Why should that matter? It's all legal currency, no? Well, no. Not to Hollywood. Studios make most of their box-office money in the first 10 days of a movie's release, when they take in 90% of the movie's profits and the cinema owners, or exhibitors, get the rest. After two weeks, they generally split the proceeds 70/30 and then down from there. Spider-Man 3, the most successful movie in America so far this year, made 45% of its profits to date on the first weekend. Titanic, by contrast, made 5%. The studios don't just want money, they want it fast. Spidey fast. Otherwise the guy who sells the popcorn and makes sure the toilets are clean gets too much of it.

Opening a movie big is not rocket science. It involves spending a lot of moolah on special effects and on preopening publicity. But even more, it involves appealing to the type of people for whom seeing a movie the first weekend is important: young men. Thus there are a lot of movies--this is not sexist, it's just business--about superheroes, things blowing up and terrifying ordeals at the hands of ghastly psychos. (To be fair, research shows young women also enjoy the last.) Then the guys--or girls--can attain some social status from being able to discuss the cool scenes. Nobody goes to work or class the next day and says, "You gotta go see that awesome broken heart!"

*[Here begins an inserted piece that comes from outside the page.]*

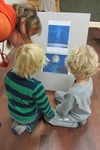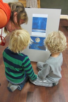 In het kringgesprek reageerden de kinderen sterk op wat ze zagen op de afbeeldingen. Toen Emma vroeg wat ze in de ruimte konden zien werd er veel gezegd over de maan. Er was een grote betrokkenheid bij de kinderen.

Where does this all leave the romantic movie? Alas, in the hands of young men. The only relationship film that has drawn a crowd this year is June's Knocked Up, in which a guy and a girl meet, have drunken sex, get pregnant and then, 44 minutes and dozens of penis jokes later, actually have something that resembles a tender scene. Not exactly a femme fantasy, but more than half the people who went to see the film on opening weekend were women, and two-thirds were couples, who helped propel it to $145 million and counting. Aug. 17 brings us Superbad, concocted by Judd Apatow and Seth Rogen, who, respectively, directed and starred in Knocked Up. It too has the trappings of a love story--boys have comic misadventures as they try to get the girls of their dreams--but it's so steeped in men's bathroom humor, you half expect to see one of those colorful little urinal cakes somewhere at your feet when it's over.

In these tales, one of the chief obstacles to HEA is the man himself. You can just feel the tension. Will he grow up in time to exhibit the 15 minutes of normal behavior he needs to get the girl?

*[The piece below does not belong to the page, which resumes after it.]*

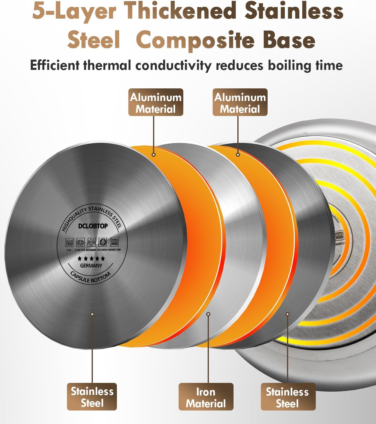 - BOILS WATER IN NO TIME - Unlike many lower quality, cheap, lightweight tea kettles that use just one or two layers, the DCLOBTOP’ tea kettle is made using 5 layers of 18/8 Culinary Grade Stainless Steel, even heat transfer with its aluminum formed capsule bottom that heats up quickly. Less waiting and a more efficient tea or coffee brewing experience for you!

And, more wrenching still: Can he separate enough from his buddies to try? It's notable that while there's a black hole where romantic love used to be, man love is all around. Not homoerotic love, although there are hints of that too in, say, 300. This is the kind of sacrificial, I'll-do-anything-for-you love that we associate with young lovers. Ocean's Thirteen is essentially the story of what guys will do to avenge the frilly-shirt-wearing Vegas moneyman they adore. (One of them writes him love letters!) Spider-Man 3 is as much about Peter Parker and erstwhile best friend Harry Osborn getting back together as it is about Peter and Mary Jane. In Knocked Up, the courtship that's most fun to watch is that between the two potential brothers-in-law.

Superbad is the purest iteration of the so-called bromance form yet. Two best friends, Seth and Evan, on the verge of graduating from high school, have to get booze, get over the fact that they're about to go their separate ways and get girls before the night is out. It sounds sweet, but it opens with Seth discussing with Evan which porn website they should subscribe to for the summer. (Top contender: Vagtastic.com. He also notes how jealous he is that the infant Evan got to nurse on Evan's mom's breasts. And it gets more vulgar from there.

After an early screening, attended by Rogen, who co-wrote it, and Apatow, who produced it, a young guy stood up in the audience to address the filmmakers. "I love this movie," he said. "I'm here with my future wife, and we learned a lot tonight." The new model for intimate human relations is the platonic love of one emotionally underdeveloped adolescent boy for another. God help us all.

The original version of this story had incorrect information about New Line's involvement with the filmed version of Gabriel García Márquez's novel Love in the Time of Cholera.